York, 1799. Fletcher Rigge has been hired to carry out an investigation by the son of a gentleman who has recently been murdered. Matthew Harvey was a portrait artist specialising in ‘shades’ - silhouetted portraits of his sitters. His son, Captain Harvey has reason to suspect that the murder may be among one of the six last portraits he made during Race Week. The suspicion is confirmed by the fact that the names of the sitters have been torn from the ledger, so all Fletcher Rigge has to go on to find the six clients is the shadowed profiles that exist of them in copies that the artist has kept.

That’s an interesting basis for a murder-mystery enquiry, but there are a few other peculiarities about Andrew Martin’s Soot. First of all, Fletcher Rigge is no 18th century private investigator, but rather a bookseller and writer who currently resides in debtor’s prison. Captain Harvey (with his wonderfully eccentric and dissolute companion-servants) has however heard of the bookseller’s keen eye for detail and has paid part of Rigge’s debt with the remainder to be paid on completion of his assignment. Rigge is in no position to refuse, and since it also means he can pursue his courting of Miss Lucy Spink, he immediately looks into matters.

What is also interesting about Soot is the manner of its telling. It’s written as an collection of documents, memos, statements and letters from a variety of witness accounts, including entries from Fletcher Rigge’s own diary. These have been assembled by a certain Mr Erskine, an attorney-at-law for the Chief Magistrate of York, and the resulting account is a colourful mixture of salacious gossip and semi-formal documents with pithy observations and interjections. It’s the process of the investigation however that is going to be the critical point of Soot, and as the various perspectives and the ‘shadowy’ set-up suggests, it’s an intriguing look at late-18th century York, its society and characters, with their strange behaviours and peculiarities.

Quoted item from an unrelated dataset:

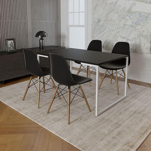 Mesa Industrial Base Ferro Branco Tampo 137x90 Preto 4 Cadeiras Eames Madeira Assento PretoA mesa de jantar é um dos poucos móveis que efetivamente reúne a família para saborear um bom prato ao lado das pessoas que mais ama. E para garantir que o seu ambiente fique impecável, conte com a Mesa De Jantar Industrial e as Cadeiras Eames. Os modelos buscam inspiração no estilo industrial, mas, ao mesmo tempo, abre um leque de possibilidades na hora de colocar a criatividade em prática e fazer as melhores harmonizações para a sua sala de jantar ou cozinha. Distribuindo sofisticação ao cômodo, você ainda pode combiná-la com as outras peças da Linha Industrial para conquistar um visual completo.Tipo: Mesa de Jantar Retangular com 4 CadeirasModelo: Mesa Industrial e Cadeiras EamesInformações MesaCor Base: BrancoCor Tampo: PretoAltura: 78cmLargura: 137cmComprimento: 90cmInformações Cadeira:Pés: Madeira Cor Assento: PretoAltura: 85cmLargura: 47cmComprimento: 50cmATENÇÃOIMAGENS MERAMENTE ILUSTRATIVAS REALIZADO EDIÇÃO, PODENDO HAVER UMA PEQUENA VARIAÇÃO DE COR DEPENDENDO DE CADA TELA OU MONITOR.Mesa Industrial Base Ferro Branco Tampo 137x90 Preto 4 Cadeiras Eames Madeira Assento Preto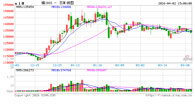 4月3日临近周末及清明假期,市场聚焦三大变量:美国非农数据(影响美联储降息预期,决定镍价是否技术性反弹)、LME与上期所库存变化(累库节奏影响止跌拐点)、节前资金情绪(多头谨慎,拉升动力不足)。短期镍价延续弱势震荡,下方支撑133000元/吨、上方阻力135500元/吨,非农数据将决定波动幅度。

This is all vividly depicted, but not just in a randomly colourful manner as the assembled nature of the structure might lead you to believe. There are other layers at work here, brought out in a series of encounters and in correspondence between the characters. Matters of honour, trust and social position are revealed as being important, with people quick to make judgements on appearances, on what company people keep, but above all in relation to the money they have and their financial prospects. For all his cleverness of observation, Fletcher Rigge seems to be a man out of step with what society deems important, and he doesn’t really seem to care how he is regarded by others either.

Neither it seems does Lucy Spink, but there are other factors that come into play relating to society, gossip and expectations and it’s fascinating to see the thread of such matters weaving through the various narrative perspectives. And, as you might imagine, it’s money that tends to be very much behind the murder and its investigation. It’s only by putting all these elements together that a face might emerge out of the shadows, so to speak, and reveal their true nature. On the other hand, in such dark matters, the resolution might not be as black and white as you would like to think.


Soot by Andrew Martin is published by Corsair.